Vinnik allegedly owned and operated BTC-e, one of the world’s largest digital-currency exchanges. The United States claims BTC-e was used extensively by cybercriminals worldwide to launder money because it did not require users to validate their identity, obscured and anonymized transactions and sources of funds, and lacked any due diligence processes.
Vinnik was arrested on a U.S. warrant in 2017 on a Greek beach while vacationing with his family. However, he was initially extradited to France to face separate money-laundering charges and sentenced to five years in prison.
He was released from a French prison on August 4 but immediately sent back to Greece, which had requested his return so it could execute the original U.S. warrant.
If convicted by a U.S. court, Vinnik faces up to 20 years in prison.
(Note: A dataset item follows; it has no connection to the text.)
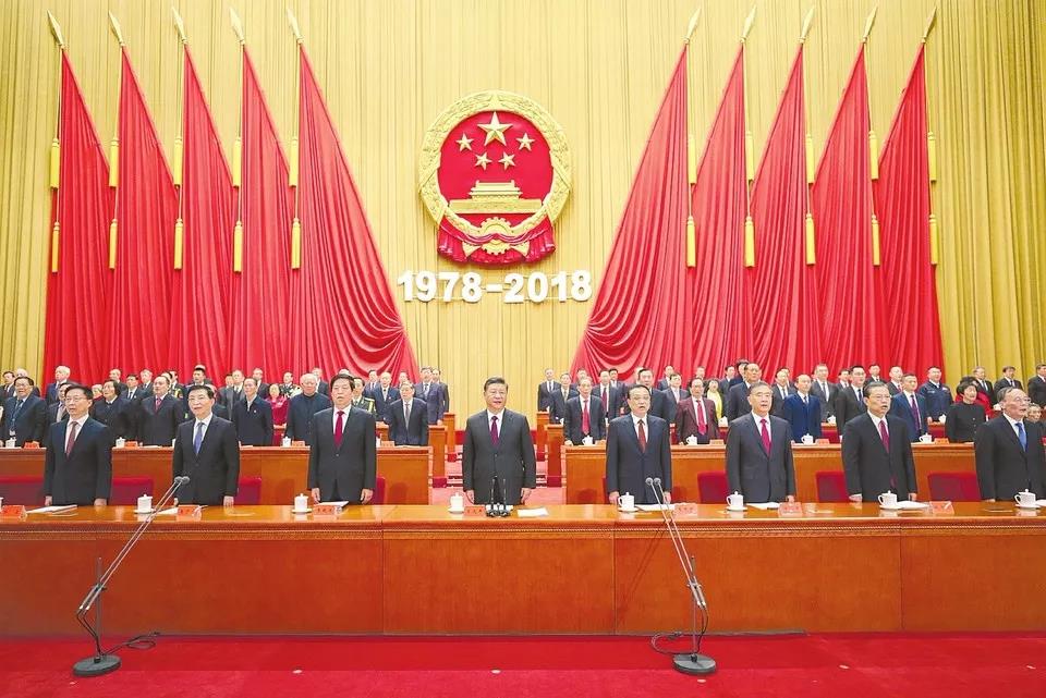 人民大會(huì)堂雄偉莊嚴(yán),萬人大禮堂燈火輝煌、氣氛熱烈。主席臺(tái)上方懸掛著“慶祝改革開放40周年大會(huì)”會(huì)標(biāo),后幕正中是中華人民共和國(guó)國(guó)徽和“1978-2018”字標(biāo),10面紅旗分列兩側(cè)。

The timing of Vinnik's transfer to the United States coincided with the sentencing of Griner, giving rise to speculation he may be used in a possible prisoner swap.
Denis Dubnikov, 29, was extradited to the United States earlier this year on charges of laundering cryptocurrency tied to a notorious ransomware gang.
Dubnikov, who co-owns small crypto-exchanges, allegedly received hundreds of thousands of dollars' worth of digital currency from Ryuk, a ransomware gang believed to have extracted tens of millions in ransoms, including from U.S. victims.
Dubnikov denied the charges, saying at the time through his lawyer that he did not know the source of the money that the United States alleges came from ransomware payments.
Dubnikov's arrest has been called one of U.S. law enforcement's first potential blows to the Ryuk gang, which is suspected of being behind a rash of cyberattacks on U.S. health-care organizations. The Wall Street Journal said that Ryuk took in more than $100 million in ransom payments last year.